I woke up this morning with my 4-year-old in my face, nose to nose, asking why people have skeletons.
Those magical three words you’ve been waiting so long to hear. Red, or white?
Exciting news: I got invited to be on a heist team. Not sure what I’ll be doing exactly but being a “fall guy” sounds important.
This week’s mood.
A birth control commercial with a kid in the backseat screaming “WHAT’S THAT” and a driving parent yelling “I CAN’T SEE WHAT YOU’RE POINTING AT” repeat until everyone is crying
me: *chopping onions*
wife: shouldn’t you use a knife?
me: i took karate lessons for a reason, linda
8: does my meal come with puppypuffs?
me: wut
8:
me: OH hush puppies?
8: oh. Yea
remember the olden days when ambulances didnt have sirens and the doctors inside it had to make the sounds with their mouth’s
Toddlers LOVE to help. Then they get older and are actually able to help… Which is when they start to roll their eyes and complain.
My 7-year-old told me she wants a pet chinchilada. Do I find this at the pet store or a Mexican restaurant?
Since the first one was such a smash hit, why didn’t they ever make a Titanic 2?
“Waiter, I’d like to send this back”
-m’am, I believe that’s your husband.
Him: “Can we have a Doritos themed wedding?” Me: “no.” Him: “well, what kind of chips would you prefer?”
by not dating me, you are tragically missing out on me saying “have you seen this tik tok” every 20 minutes until you die
The bathroom just ran out of paper towels, so obviously I had to wipe my hands on the next person I passed in the hallway.
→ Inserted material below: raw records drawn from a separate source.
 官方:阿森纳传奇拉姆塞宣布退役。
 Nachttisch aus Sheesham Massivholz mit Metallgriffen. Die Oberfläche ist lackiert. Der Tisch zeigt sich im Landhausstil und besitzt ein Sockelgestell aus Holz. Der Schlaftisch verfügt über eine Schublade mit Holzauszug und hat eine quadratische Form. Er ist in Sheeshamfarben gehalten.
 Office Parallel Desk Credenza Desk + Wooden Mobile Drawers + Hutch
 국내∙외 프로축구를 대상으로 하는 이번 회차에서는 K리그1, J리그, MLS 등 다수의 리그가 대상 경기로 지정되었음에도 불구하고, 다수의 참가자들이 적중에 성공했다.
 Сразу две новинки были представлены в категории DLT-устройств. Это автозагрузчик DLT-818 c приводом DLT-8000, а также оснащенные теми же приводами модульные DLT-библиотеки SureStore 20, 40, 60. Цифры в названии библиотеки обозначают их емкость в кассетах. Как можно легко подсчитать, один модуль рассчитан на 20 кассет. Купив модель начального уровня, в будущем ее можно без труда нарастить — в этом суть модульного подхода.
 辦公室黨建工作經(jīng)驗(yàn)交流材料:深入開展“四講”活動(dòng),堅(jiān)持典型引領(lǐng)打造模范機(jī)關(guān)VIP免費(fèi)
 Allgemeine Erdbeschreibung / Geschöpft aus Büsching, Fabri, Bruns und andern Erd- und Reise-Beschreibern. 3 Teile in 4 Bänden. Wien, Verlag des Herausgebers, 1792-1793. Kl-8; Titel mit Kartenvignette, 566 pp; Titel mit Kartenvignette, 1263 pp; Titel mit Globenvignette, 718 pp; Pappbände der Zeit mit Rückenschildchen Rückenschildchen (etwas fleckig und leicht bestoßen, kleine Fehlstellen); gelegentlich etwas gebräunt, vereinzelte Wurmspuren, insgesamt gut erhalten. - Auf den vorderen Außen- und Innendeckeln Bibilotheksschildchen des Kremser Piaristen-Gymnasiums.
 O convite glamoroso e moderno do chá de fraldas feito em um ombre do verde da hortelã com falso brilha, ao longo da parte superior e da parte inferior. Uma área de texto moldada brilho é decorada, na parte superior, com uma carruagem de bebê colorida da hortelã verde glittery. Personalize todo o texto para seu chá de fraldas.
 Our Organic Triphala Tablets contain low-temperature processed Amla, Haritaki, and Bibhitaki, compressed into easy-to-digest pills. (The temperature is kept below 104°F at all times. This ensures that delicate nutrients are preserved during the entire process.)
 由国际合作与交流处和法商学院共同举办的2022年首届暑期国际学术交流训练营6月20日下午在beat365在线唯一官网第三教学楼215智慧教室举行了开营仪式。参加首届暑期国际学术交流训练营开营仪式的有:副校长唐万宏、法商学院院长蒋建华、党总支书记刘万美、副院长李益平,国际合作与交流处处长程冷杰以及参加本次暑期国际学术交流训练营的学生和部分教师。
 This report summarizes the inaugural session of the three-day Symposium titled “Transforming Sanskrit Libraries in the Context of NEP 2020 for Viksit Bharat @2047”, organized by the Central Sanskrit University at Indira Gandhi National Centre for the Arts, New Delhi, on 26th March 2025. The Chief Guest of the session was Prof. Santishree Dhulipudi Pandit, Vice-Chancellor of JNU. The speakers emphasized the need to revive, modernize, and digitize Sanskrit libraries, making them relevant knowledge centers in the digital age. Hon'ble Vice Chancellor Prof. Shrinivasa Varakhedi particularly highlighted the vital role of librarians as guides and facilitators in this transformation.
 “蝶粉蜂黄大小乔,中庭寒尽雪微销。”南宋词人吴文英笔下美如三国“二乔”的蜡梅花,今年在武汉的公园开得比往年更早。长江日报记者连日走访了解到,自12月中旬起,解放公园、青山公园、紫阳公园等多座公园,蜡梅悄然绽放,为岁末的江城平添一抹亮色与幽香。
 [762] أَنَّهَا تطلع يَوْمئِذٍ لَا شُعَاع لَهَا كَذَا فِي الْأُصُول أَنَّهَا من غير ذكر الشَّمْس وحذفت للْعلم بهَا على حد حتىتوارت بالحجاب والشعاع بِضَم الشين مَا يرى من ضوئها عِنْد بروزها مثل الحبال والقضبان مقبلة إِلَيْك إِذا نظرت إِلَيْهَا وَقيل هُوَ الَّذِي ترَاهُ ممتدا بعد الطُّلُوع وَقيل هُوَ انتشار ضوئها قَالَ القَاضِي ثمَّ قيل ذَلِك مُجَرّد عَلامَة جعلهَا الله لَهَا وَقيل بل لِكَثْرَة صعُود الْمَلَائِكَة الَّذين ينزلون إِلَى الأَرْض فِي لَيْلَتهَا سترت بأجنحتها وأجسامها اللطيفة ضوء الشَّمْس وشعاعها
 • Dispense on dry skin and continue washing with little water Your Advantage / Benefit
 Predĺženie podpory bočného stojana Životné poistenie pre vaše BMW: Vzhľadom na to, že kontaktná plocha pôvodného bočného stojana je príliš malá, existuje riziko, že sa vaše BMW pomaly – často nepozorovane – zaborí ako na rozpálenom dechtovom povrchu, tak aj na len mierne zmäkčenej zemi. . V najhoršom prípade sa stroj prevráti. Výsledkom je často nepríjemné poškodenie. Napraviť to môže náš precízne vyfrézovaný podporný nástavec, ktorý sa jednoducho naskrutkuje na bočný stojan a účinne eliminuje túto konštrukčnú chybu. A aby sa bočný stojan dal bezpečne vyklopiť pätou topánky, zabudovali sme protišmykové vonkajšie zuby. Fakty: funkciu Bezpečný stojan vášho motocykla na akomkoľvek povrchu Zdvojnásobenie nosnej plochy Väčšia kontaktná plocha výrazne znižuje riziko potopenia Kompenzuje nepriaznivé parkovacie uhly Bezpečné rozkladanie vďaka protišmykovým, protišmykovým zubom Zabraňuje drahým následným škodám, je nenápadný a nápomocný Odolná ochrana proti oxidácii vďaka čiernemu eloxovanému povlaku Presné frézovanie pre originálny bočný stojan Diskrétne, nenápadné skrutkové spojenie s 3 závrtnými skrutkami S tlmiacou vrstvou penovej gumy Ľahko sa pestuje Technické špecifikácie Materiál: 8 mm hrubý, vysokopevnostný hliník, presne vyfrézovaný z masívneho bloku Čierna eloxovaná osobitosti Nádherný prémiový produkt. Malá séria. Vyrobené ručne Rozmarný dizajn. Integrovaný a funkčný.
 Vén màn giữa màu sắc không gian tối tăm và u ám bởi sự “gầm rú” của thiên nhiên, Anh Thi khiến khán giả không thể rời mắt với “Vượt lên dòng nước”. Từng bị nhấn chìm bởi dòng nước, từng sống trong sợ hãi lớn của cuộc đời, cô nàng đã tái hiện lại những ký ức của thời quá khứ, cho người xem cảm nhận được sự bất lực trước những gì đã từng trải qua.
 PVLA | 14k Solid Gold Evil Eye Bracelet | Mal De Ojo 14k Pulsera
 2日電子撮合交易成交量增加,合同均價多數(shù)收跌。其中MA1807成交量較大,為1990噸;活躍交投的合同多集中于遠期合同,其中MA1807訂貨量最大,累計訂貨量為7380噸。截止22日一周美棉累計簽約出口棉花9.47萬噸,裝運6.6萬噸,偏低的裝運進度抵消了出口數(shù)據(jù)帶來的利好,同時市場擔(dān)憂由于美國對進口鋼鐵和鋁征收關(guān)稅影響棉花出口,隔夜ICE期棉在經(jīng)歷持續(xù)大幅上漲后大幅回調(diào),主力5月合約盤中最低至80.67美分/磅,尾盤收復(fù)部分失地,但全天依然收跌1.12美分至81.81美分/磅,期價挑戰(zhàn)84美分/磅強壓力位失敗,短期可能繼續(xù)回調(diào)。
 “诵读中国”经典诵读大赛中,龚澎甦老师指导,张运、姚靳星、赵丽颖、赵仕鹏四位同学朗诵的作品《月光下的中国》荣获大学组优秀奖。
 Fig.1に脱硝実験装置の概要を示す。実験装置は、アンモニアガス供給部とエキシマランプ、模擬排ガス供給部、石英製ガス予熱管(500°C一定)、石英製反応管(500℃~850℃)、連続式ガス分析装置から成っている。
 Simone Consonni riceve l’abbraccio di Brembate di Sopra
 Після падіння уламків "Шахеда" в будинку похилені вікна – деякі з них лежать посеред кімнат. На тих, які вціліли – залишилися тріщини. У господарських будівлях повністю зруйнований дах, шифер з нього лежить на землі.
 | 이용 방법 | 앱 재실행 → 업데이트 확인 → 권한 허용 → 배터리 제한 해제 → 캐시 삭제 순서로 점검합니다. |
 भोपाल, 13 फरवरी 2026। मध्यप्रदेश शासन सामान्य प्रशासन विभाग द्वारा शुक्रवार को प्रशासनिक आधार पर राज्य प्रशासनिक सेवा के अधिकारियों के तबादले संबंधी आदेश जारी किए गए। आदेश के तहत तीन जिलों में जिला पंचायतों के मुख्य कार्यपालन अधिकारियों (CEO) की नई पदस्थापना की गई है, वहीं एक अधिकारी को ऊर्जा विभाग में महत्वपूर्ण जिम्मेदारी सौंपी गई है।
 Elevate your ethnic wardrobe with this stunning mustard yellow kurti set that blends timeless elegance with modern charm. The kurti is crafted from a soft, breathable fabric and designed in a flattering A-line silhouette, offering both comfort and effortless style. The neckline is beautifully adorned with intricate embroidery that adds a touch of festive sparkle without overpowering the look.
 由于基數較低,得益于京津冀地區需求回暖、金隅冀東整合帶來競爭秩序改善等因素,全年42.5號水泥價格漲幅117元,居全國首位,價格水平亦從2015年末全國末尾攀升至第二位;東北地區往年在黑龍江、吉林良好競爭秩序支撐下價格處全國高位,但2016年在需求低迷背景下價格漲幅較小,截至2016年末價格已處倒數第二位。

A Florida police dog is being fired after biting two people; but to be fair, who wouldn’t want to hurt people from Florida?
Magician: Is this your card?
Me: Oh my god, it is!
Magician: Well thank you, it’s very thoughtful and heartfelt.
Me: You’re welcome. Happy Birthday.
I spent 5 min. in the dark trying to get my charger in my phone. I’m embarrassed & I feel like I owe some dudes from high school an apology.
Babies won’t eat food unless they think it’s an airplane because all humans are born believing they’re godzilla.
Take your husband’s last name. Take his first name. Take his social. Assume his identity. Hide the body in a closet. You’re the husband now.
Me: You got that talent from me!
13yo: Don’t take credit for my genuis!
Ever since I bought this Queen mattress I’ve got shivers down my spine, body’s aching all the time.